None of these ideas are new. Many people, including me, have been advocating similar changes for years. However, it is nice to see some very influential people espouse the same ideas. Maybe something will get done about the problem. But don’t hold your breath!

Wednesday, April 16, 2014

The Biomedical Research Brain Drain Continues


Although the NIH budget will go up slightly this year, inflation plus years of stagnant funding is culling more and more good scientists. Funding percentiles remain in the 10% range and the total number of investigator-initiated grants is going down and down (1). The NIH and the academic institutions it supports need to face up to what is clearly a permanently altered funding landscape and go into a salvage mode. In order to maintain the viability of US biomedical science two things need to be given priority.

First, truly talented young scientists must be given every advantage. The NIH currently does provide a small ‘edge’ for first time awardees.
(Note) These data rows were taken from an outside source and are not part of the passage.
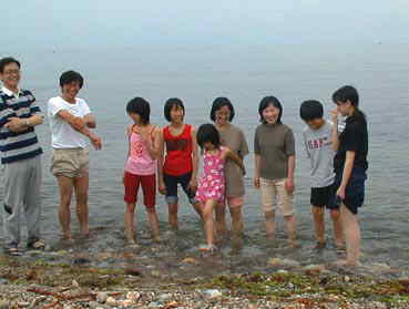 | 浜は子供、若者たちでにぎわいはじめまし。 | 足だけつかっただけでも気持ちがいいね。 |
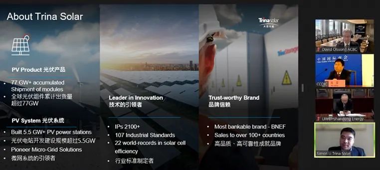 近日,由中国国际商会和澳大利亚中国工商业委员会共同主办的中澳企业家圆桌对话会在线上举办,天合光能亚太电站创团总经理李鹏受邀参会,同中国石油、山东能源、中铝海外、五矿有色、中钢集团、力拓集团、澳新银行、必和必拓、FMG公司、澳赛德能源等中澳企业代表,共同围绕“中澳工商界在应对气候变化中的新兴角色和机遇”主题进行了对话与交流。
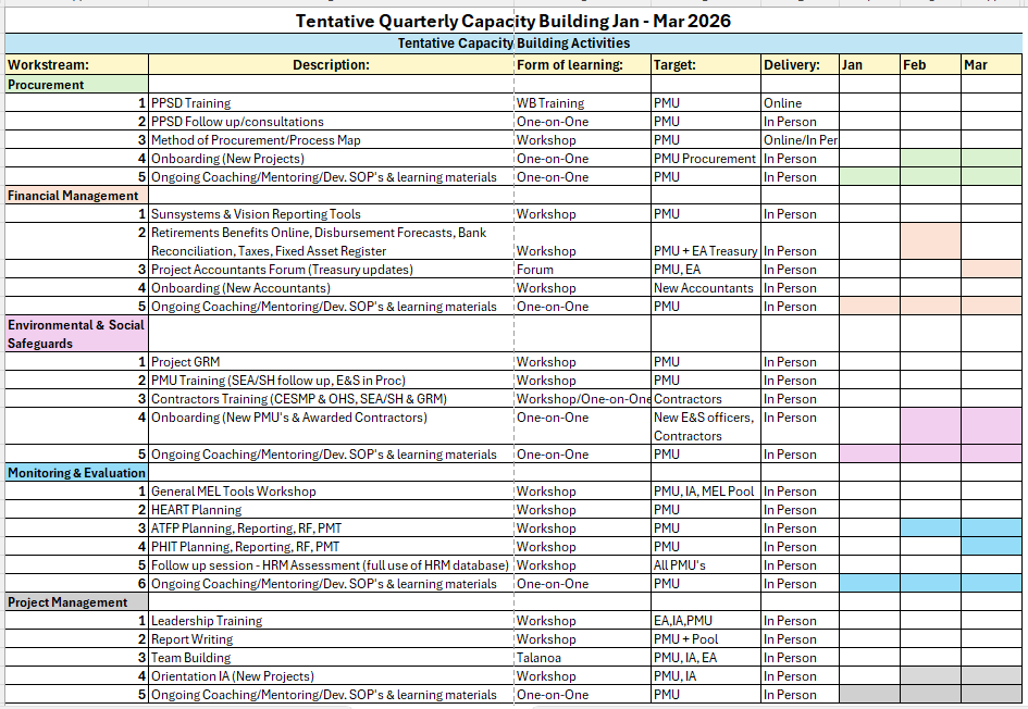 To provide capacity building based on project management, procurement, financial management, environmental & social safeguards, monitoring & evaluation and contract management and engineering needs of the WB Projects, specifically for:
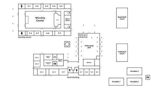 Calvary Baptist Church sits on 8 acres of land on Golf Course road in Perry, FL. Our campus consists of a Worship Center, Fellowship Hall, Kitchen, Offices, Conference Room, Kids Corner, & Portable classrooms. Our campus also has a basketball court, volleyball court, softball field & playground for the enjoyment of the children and youth. Below, you will find a graphic of our entire campus so you can better yourself with our grounds.
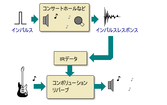 残響を付加するリバーブエフェクトの一種であり、インパルスレスポンス(IR)データと音の信号の間でコンボリューションと呼ばれる処理を行うものを指す。インパルスレスポンスリバーブ(IRリバーブ)およびサンプリングリバーブも同義である

However, this does not persist after the first funded grant and thus the duration is really not long enough for a young investigator to get a career going.

Second, highly skilled mature investigators need some stability so that one failed grant application does not imperil their careers.

The US (particularly the NIH) is unique in the world in that science funding is judged and awarded almost purely on the content of individual grants with only limited consideration of the career development path of the applicant. In these days of sub 10% funding, a single reviewer who has a minor technical quibble about a proposal can torpedo the grant and possibly also the applicant’s career.  In many other countries more weight is given to the long-term accomplishments of senior investigators and to the promise of junior investigators. Incorporating considerations of career development in grant review would work toward preservation of human potential in science. Clearly there is a danger of elitism here, but high quality science is inherently an elite activity and surely an appropriate degree of fairness can be built into the process.

Another needed change is that US academic institutions must get their hands out of the cookie jar of indirect costs returns. Sure it costs money to provide facilities for researchers, but universities have charged and over charged for those facilities and have diverted massive amounts of indirect costs from grants to totally inappropriate expenses including university golf courses, parking decks, bus systems and fancy digs for administrators. That money needs to be used to directly support science!

Finally, universities need to exhibit restraint both in the hiring of new science faculty and in the training of students. We are producing far more science PhDs than can possibly find productive careers in this time of diminished funding in academia and the wholesale evisceration of basic research in the pharmaceutical industry.